(EXTRACTED RECORDS)
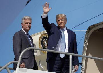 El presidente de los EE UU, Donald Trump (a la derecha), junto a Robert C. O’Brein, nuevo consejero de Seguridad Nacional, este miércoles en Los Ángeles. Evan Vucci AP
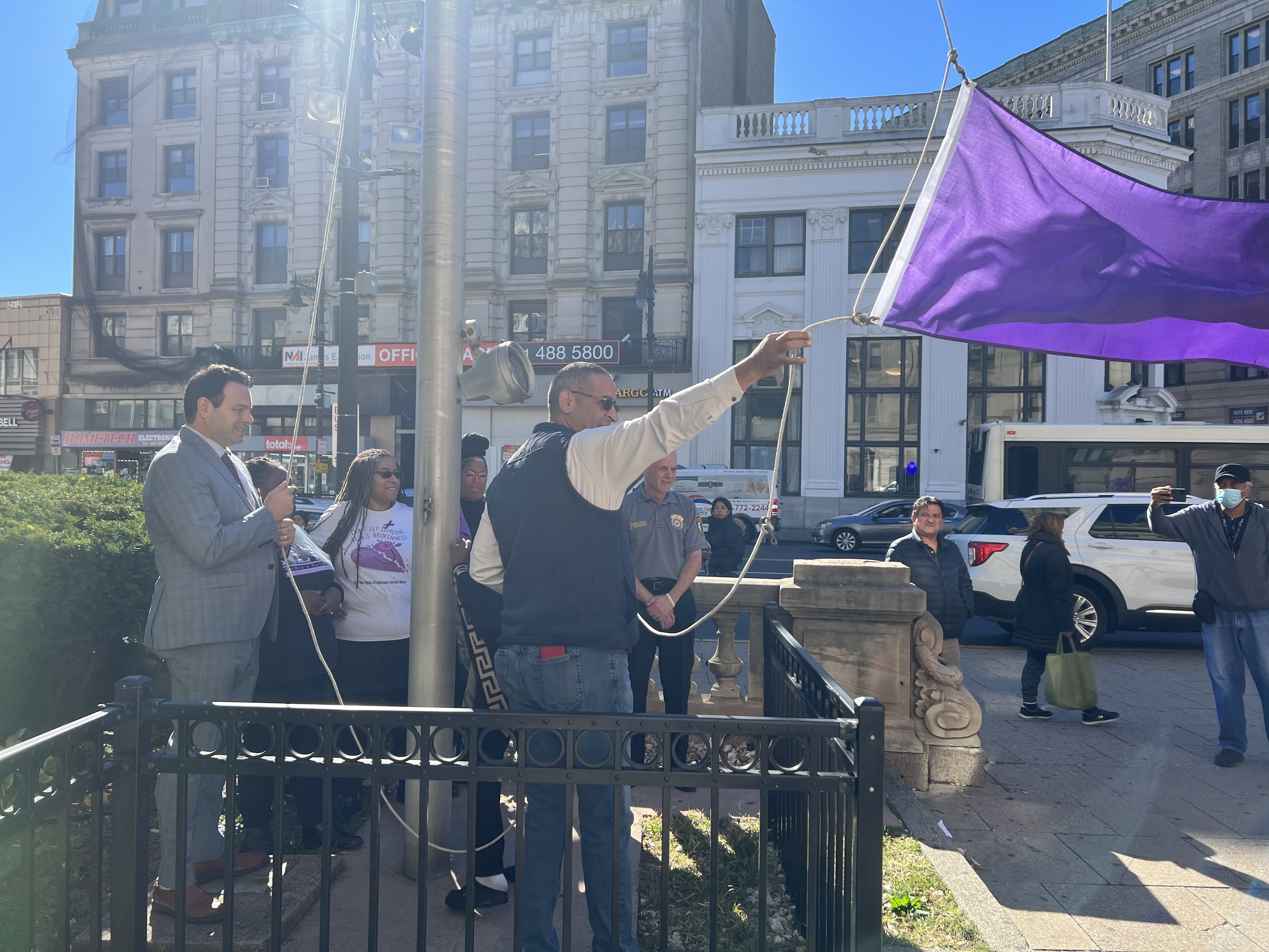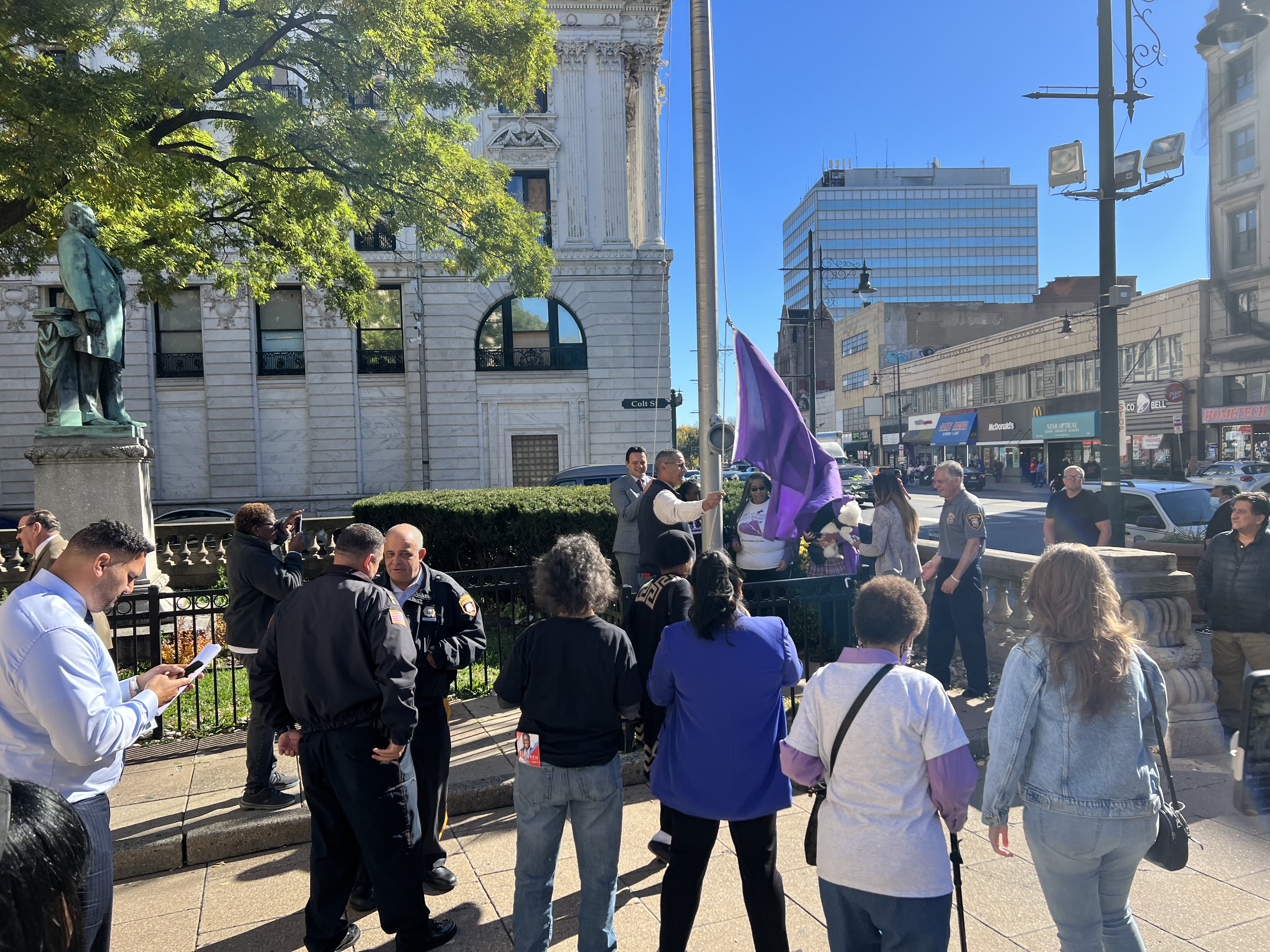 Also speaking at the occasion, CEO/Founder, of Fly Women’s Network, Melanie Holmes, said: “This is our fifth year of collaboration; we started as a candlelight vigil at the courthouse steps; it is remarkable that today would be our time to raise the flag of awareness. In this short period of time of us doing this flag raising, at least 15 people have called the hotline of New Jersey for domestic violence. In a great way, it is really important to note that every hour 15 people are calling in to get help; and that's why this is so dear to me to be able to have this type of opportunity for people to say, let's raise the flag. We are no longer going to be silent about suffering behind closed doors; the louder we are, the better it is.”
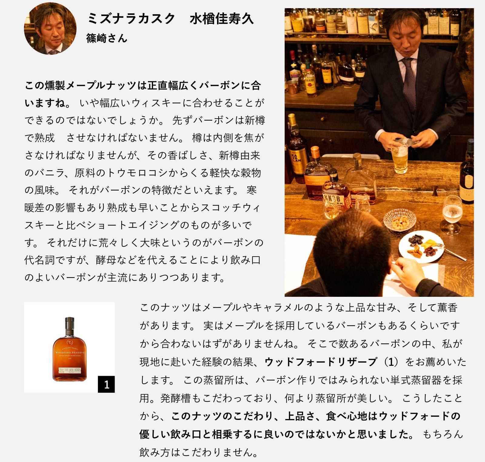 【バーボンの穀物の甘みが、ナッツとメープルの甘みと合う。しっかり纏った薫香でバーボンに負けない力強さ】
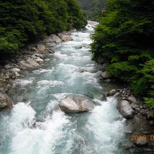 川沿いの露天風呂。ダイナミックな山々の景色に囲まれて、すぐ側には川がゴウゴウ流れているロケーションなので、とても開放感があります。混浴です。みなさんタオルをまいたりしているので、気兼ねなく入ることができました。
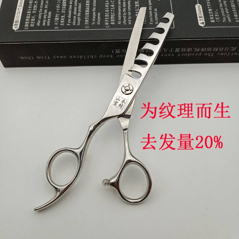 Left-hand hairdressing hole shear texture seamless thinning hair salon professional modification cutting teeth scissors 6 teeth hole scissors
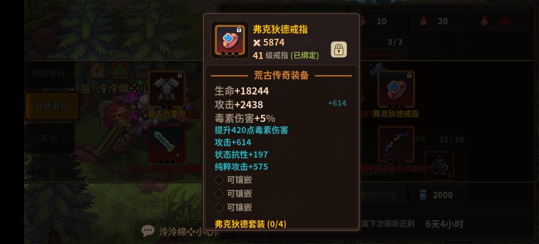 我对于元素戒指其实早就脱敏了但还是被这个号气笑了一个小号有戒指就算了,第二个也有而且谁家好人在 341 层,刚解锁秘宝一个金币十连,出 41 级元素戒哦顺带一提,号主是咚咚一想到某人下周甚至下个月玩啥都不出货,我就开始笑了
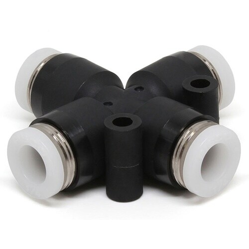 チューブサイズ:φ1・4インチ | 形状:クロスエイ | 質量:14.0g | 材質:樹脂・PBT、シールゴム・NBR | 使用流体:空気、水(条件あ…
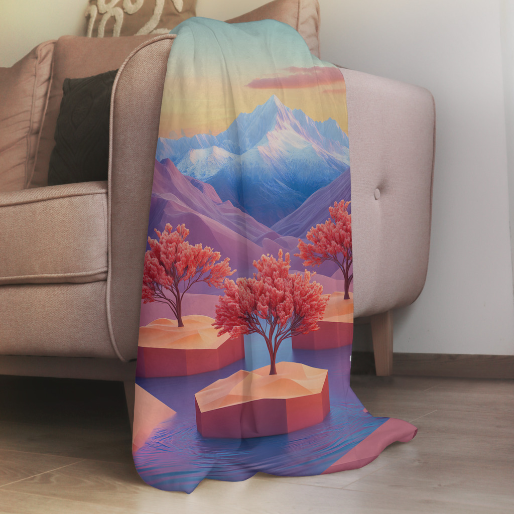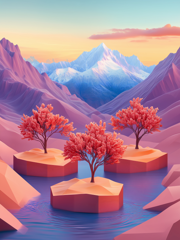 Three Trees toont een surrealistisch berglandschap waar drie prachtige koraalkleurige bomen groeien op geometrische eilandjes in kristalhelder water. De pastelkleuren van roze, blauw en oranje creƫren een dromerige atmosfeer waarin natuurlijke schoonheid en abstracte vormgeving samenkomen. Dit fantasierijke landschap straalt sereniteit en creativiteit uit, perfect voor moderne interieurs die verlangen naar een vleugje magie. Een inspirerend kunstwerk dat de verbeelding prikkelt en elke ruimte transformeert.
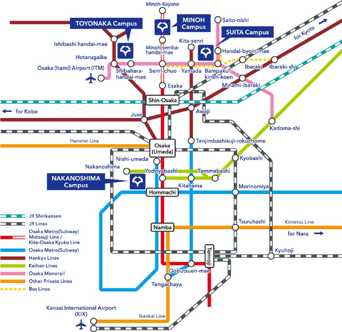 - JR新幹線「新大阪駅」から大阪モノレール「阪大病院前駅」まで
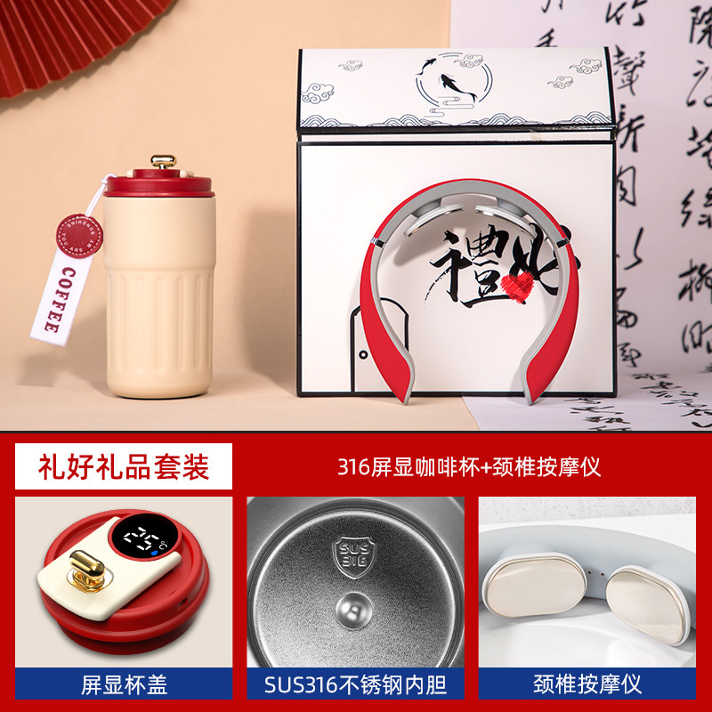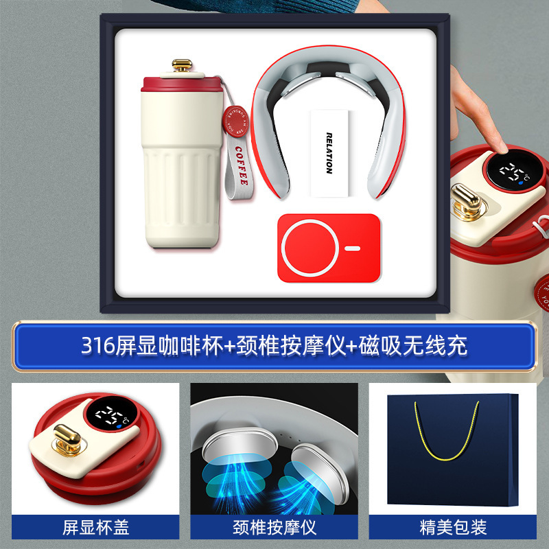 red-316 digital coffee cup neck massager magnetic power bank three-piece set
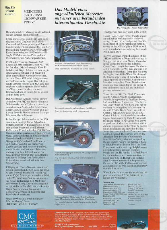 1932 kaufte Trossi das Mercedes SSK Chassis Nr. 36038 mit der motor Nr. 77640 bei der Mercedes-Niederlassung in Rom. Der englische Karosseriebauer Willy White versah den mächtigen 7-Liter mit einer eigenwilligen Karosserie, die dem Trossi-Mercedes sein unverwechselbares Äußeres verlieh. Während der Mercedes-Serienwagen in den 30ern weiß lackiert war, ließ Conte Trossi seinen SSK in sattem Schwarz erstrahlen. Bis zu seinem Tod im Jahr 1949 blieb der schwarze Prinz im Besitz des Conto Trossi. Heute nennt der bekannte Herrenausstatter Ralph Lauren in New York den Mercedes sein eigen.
(End EXTRACTED RECORDS)
Please write out exactly the lines starting at the one that contains "川沿いの露天風呂。ダイナミッ" and ending with the final line of the entries, both ends included. Do not write out any pictures.

ANSWER SPACE:
 川沿いの露天風呂。ダイナミックな山々の景色に囲まれて、すぐ側には川がゴウゴウ流れているロケーションなので、とても開放感があります。混浴です。みなさんタオルをまいたりしているので、気兼ねなく入ることができました。
 Left-hand hairdressing hole shear texture seamless thinning hair salon professional modification cutting teeth scissors 6 teeth hole scissors
 我对于元素戒指其实早就脱敏了但还是被这个号气笑了一个小号有戒指就算了,第二个也有而且谁家好人在 341 层,刚解锁秘宝一个金币十连,出 41 级元素戒哦顺带一提,号主是咚咚一想到某人下周甚至下个月玩啥都不出货,我就开始笑了
 チューブサイズ:φ1・4インチ | 形状:クロスエイ | 質量:14.0g | 材質:樹脂・PBT、シールゴム・NBR | 使用流体:空気、水(条件あ…
 Three Trees toont een surrealistisch berglandschap waar drie prachtige koraalkleurige bomen groeien op geometrische eilandjes in kristalhelder water. De pastelkleuren van roze, blauw en oranje creƫren een dromerige atmosfeer waarin natuurlijke schoonheid en abstracte vormgeving samenkomen. Dit fantasierijke landschap straalt sereniteit en creativiteit uit, perfect voor moderne interieurs die verlangen naar een vleugje magie. Een inspirerend kunstwerk dat de verbeelding prikkelt en elke ruimte transformeert.
 - JR新幹線「新大阪駅」から大阪モノレール「阪大病院前駅」まで
 red-316 digital coffee cup neck massager magnetic power bank three-piece set
 1932 kaufte Trossi das Mercedes SSK Chassis Nr. 36038 mit der motor Nr. 77640 bei der Mercedes-Niederlassung in Rom. Der englische Karosseriebauer Willy White versah den mächtigen 7-Liter mit einer eigenwilligen Karosserie, die dem Trossi-Mercedes sein unverwechselbares Äußeres verlieh. Während der Mercedes-Serienwagen in den 30ern weiß lackiert war, ließ Conte Trossi seinen SSK in sattem Schwarz erstrahlen. Bis zu seinem Tod im Jahr 1949 blieb der schwarze Prinz im Besitz des Conto Trossi. Heute nennt der bekannte Herrenausstatter Ralph Lauren in New York den Mercedes sein eigen.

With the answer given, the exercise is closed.